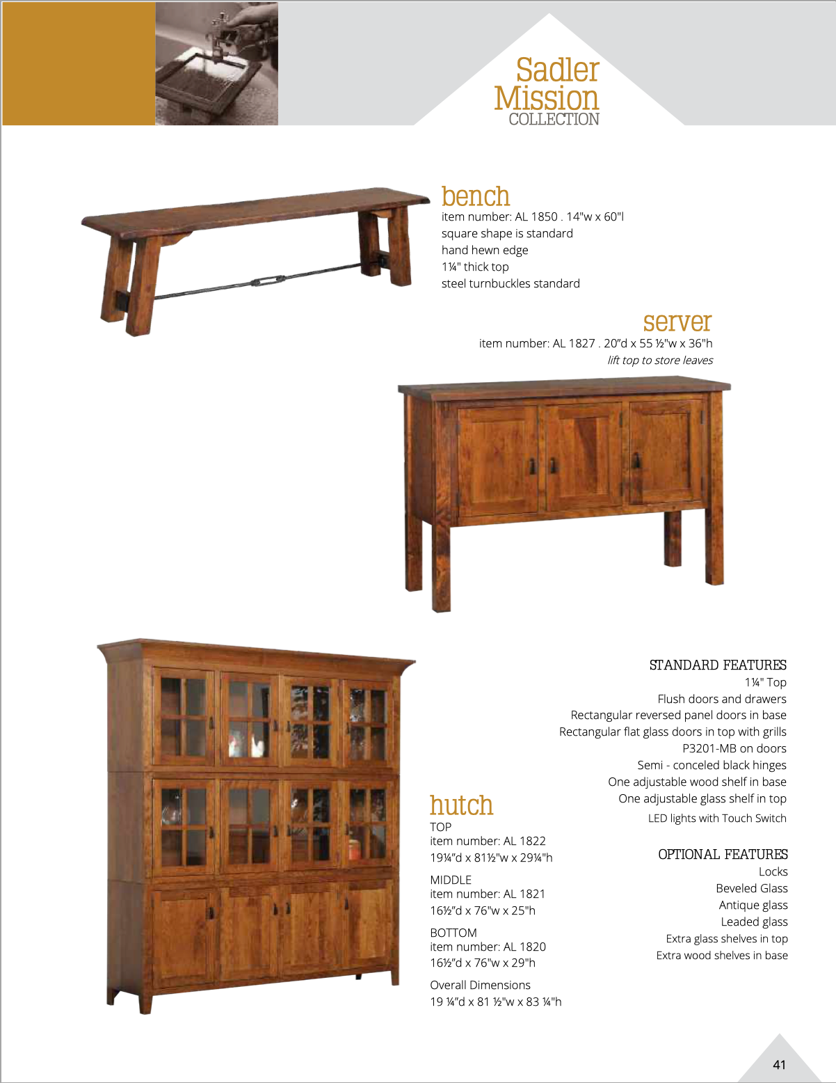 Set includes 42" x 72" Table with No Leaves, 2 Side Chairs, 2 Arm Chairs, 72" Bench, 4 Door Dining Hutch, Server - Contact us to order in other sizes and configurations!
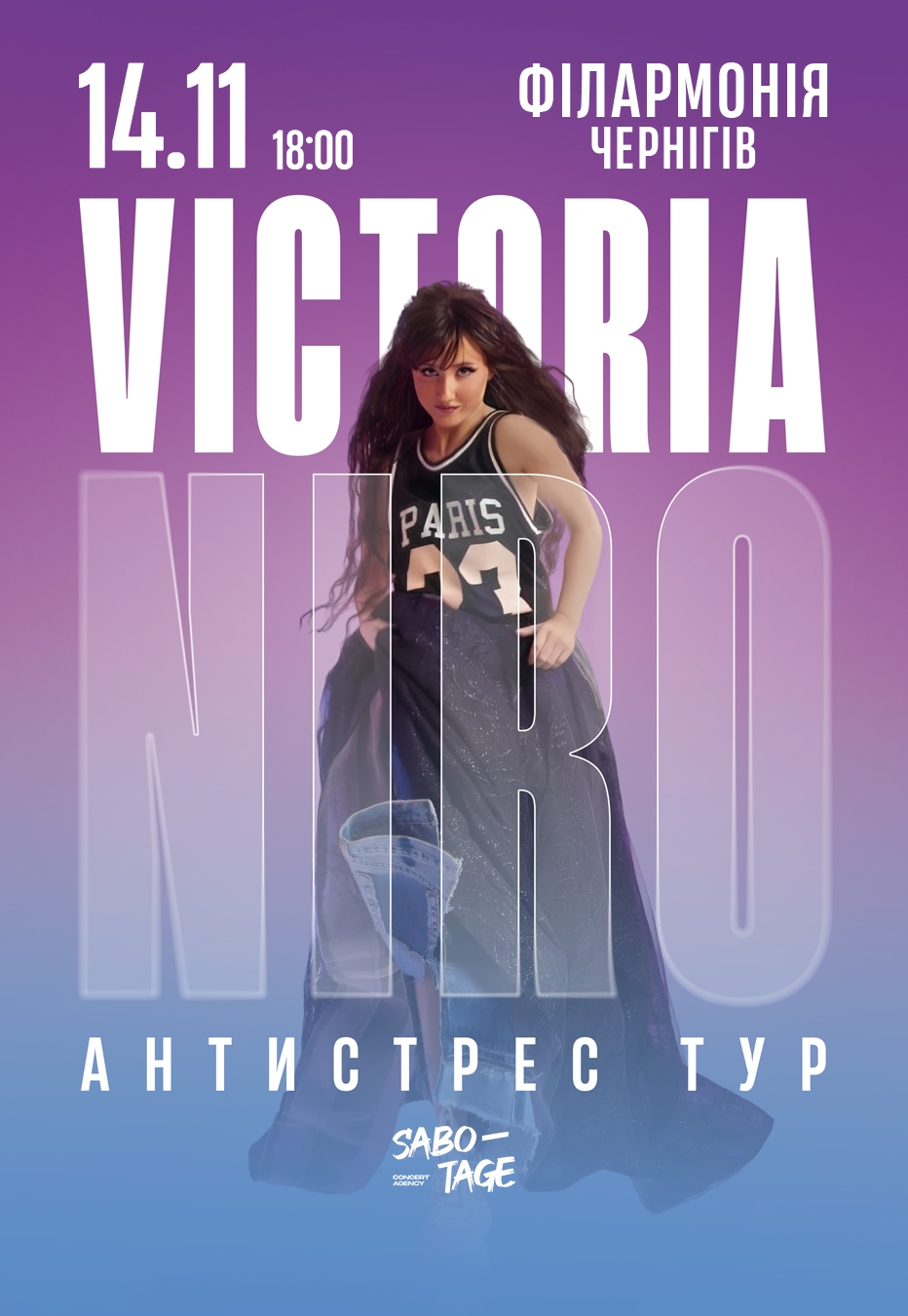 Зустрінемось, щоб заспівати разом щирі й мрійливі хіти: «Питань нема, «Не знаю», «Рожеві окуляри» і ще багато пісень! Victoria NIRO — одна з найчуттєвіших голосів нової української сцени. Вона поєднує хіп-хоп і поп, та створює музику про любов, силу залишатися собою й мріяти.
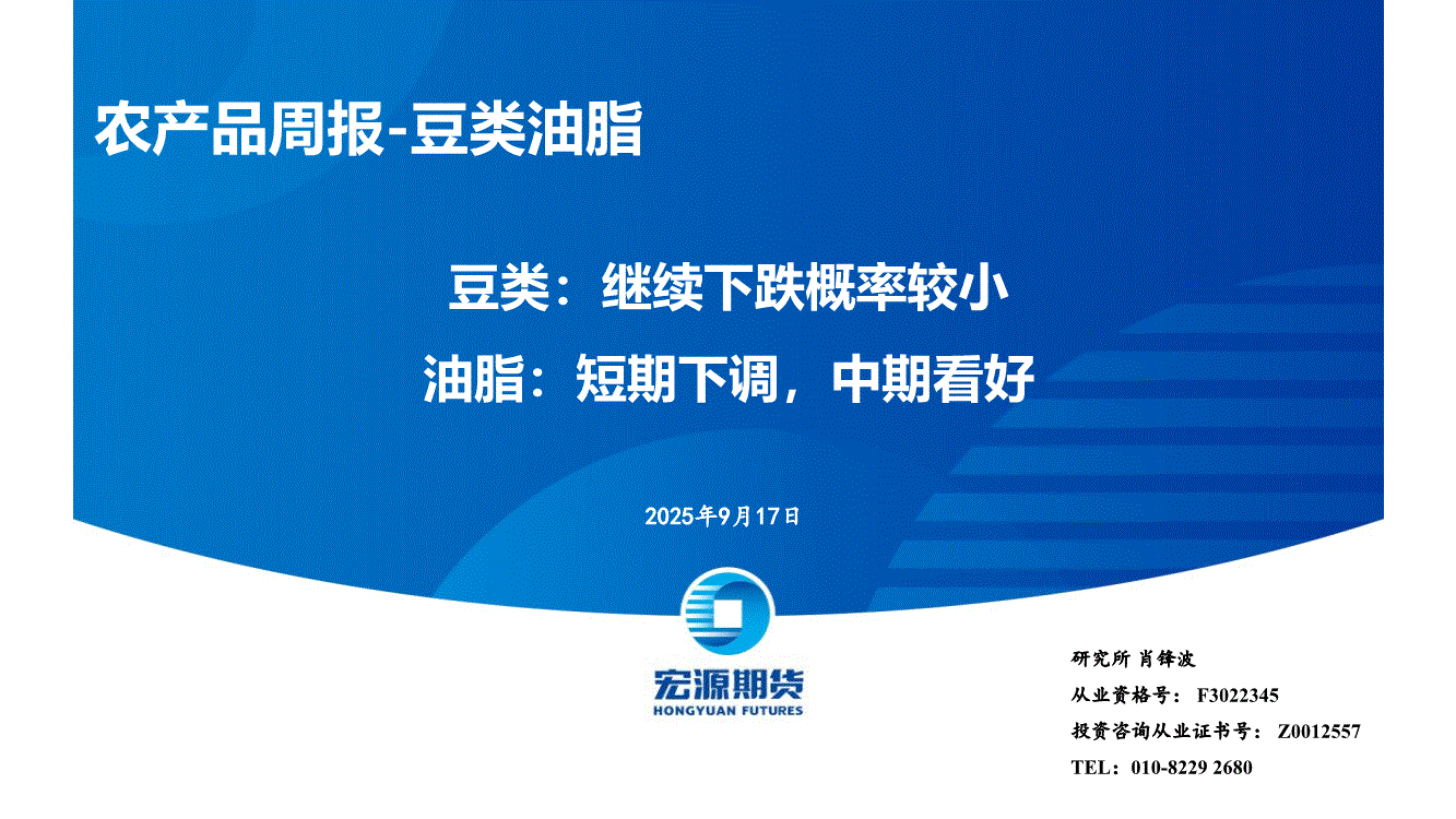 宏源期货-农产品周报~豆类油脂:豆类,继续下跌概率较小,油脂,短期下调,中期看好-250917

__Exercise prompt__. Copy the data above line for line, skipping every picture.

__Task result__.
 Set includes 42" x 72" Table with No Leaves, 2 Side Chairs, 2 Arm Chairs, 72" Bench, 4 Door Dining Hutch, Server - Contact us to order in other sizes and configurations!
 Зустрінемось, щоб заспівати разом щирі й мрійливі хіти: «Питань нема, «Не знаю», «Рожеві окуляри» і ще багато пісень! Victoria NIRO — одна з найчуттєвіших голосів нової української сцени. Вона поєднує хіп-хоп і поп, та створює музику про любов, силу залишатися собою й мріяти.
 宏源期货-农产品周报~豆类油脂:豆类,继续下跌概率较小,油脂,短期下调,中期看好-250917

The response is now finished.